# goebel beer bottle



## macnife (Mar 6, 2005)

Can anyone date this bottle for me?  Only information I can find on Goebel beer bottle are the ones that have paper labels.  I don't think this one did, since the wording is molded in the bottle.  I am a newbie at this as well to this site, so please forgive me if I use inproper terms.  The bottle is a little over 9 inches tall, and reads:  Pure Food, Goebel, Beer, Registered, Detroit.  (I never knew beer was part of the food group!!)
 Any help would be greatly appreciated.  Thanks,
 Judi

 https://i2.photobucket.com/albums/y32/macnife/8fb332d0.jpg


----------



## craigc90 (Mar 6, 2005)

There should be a mold seam on the side of the bottle if it stops befor the top of the bottle its probably before 1915 or older.
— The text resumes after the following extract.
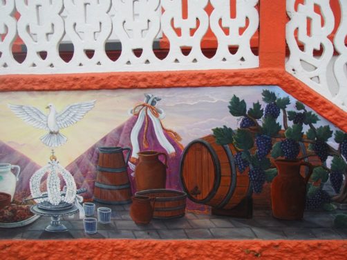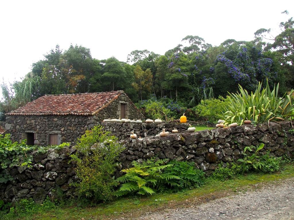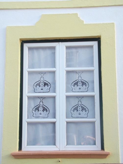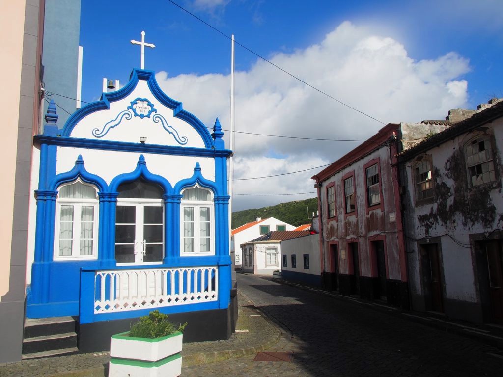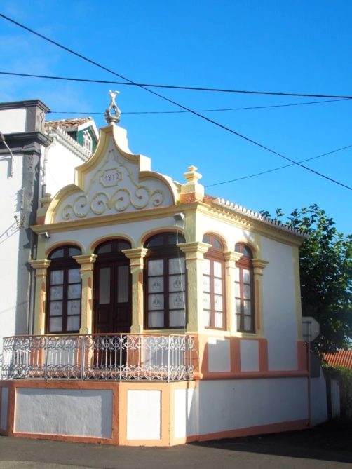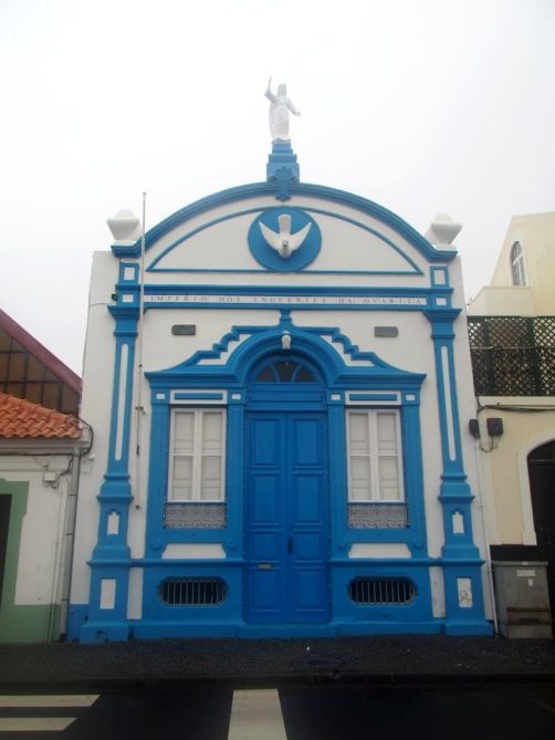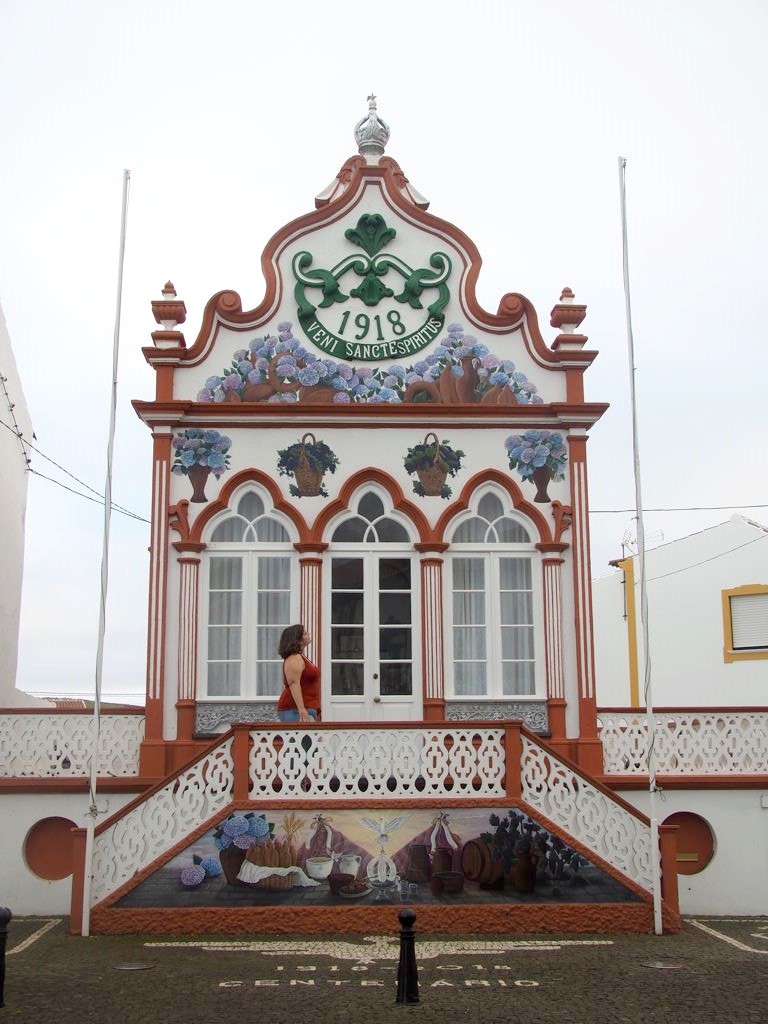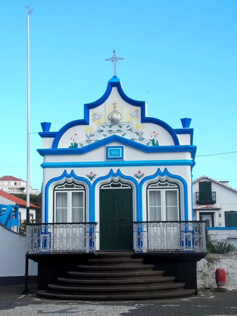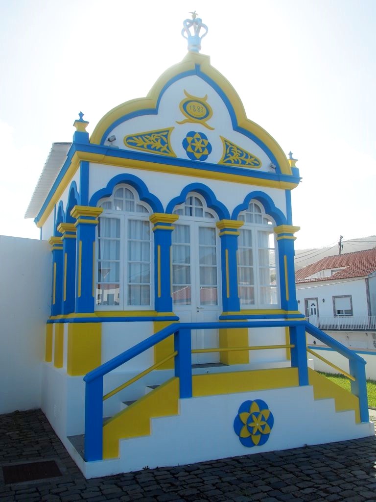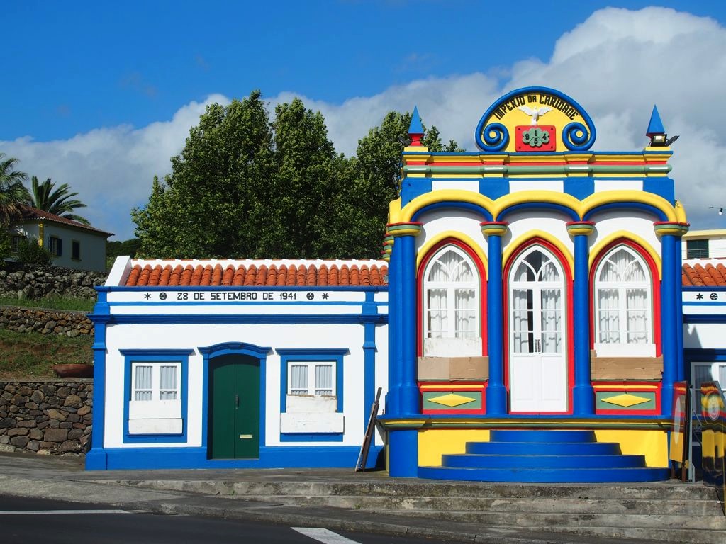 En parcourant l’île de Terceira, vous ne manquerez pas de remarquer dans chaque village des bâtiments colorés, appelés « imperios ». Il s’agit de chapelles dédiées au Saint-Esprit, dont le culte est toujours très présent dans les Açores et en particulier à Terceira, où sont toujours organisées des processions en son honneur à la Pentecôte. Je ne sais pas si celles-ci sont tout aussi hautes en couleur qu’à Tomar, mais les imperios eux le sont en tout cas. Mes préférés : l’Imperio Santo da Caridade à Santa Cruz et l’Imperio Sao Sebastiao dans le village du même nom, avec ses motifs de vignes.

If it goes to the top through the crown top lip it could be as new as 1950. I am sure someone who knows more will give you some more accurate info soon.I am fairly new to this also.


----------



## madman (Mar 8, 2005)

hey i dug up that same bottle many moons ago, the bottle dates in the 1920s the reference to pure food, i think there talking about the barley and hopps contents in the beer . alot of embossed bottles also had labels somtimes applied over the embossment mike


----------



## macnife (Mar 8, 2005)

*RE: goebel beer bottle(in reply to mike)*

Mike, Thanks for the date info.  Do you know if this bottle had a paper label or not?  
 Thanks,
 Judy


----------



## madman (Mar 9, 2005)

hey judy i would say yes it had a paper label, check ebay, or the web for a picture, somebodys got one ,with the label intact.   happy hunting    mike


----------



## madman (Mar 11, 2005)

hey heres the label found it on ebay   mike


----------



## macnife (Mar 11, 2005)

So this label would go over the embossed design on the bottle?  It would be great to see a picture of a bottle with the label on it.


----------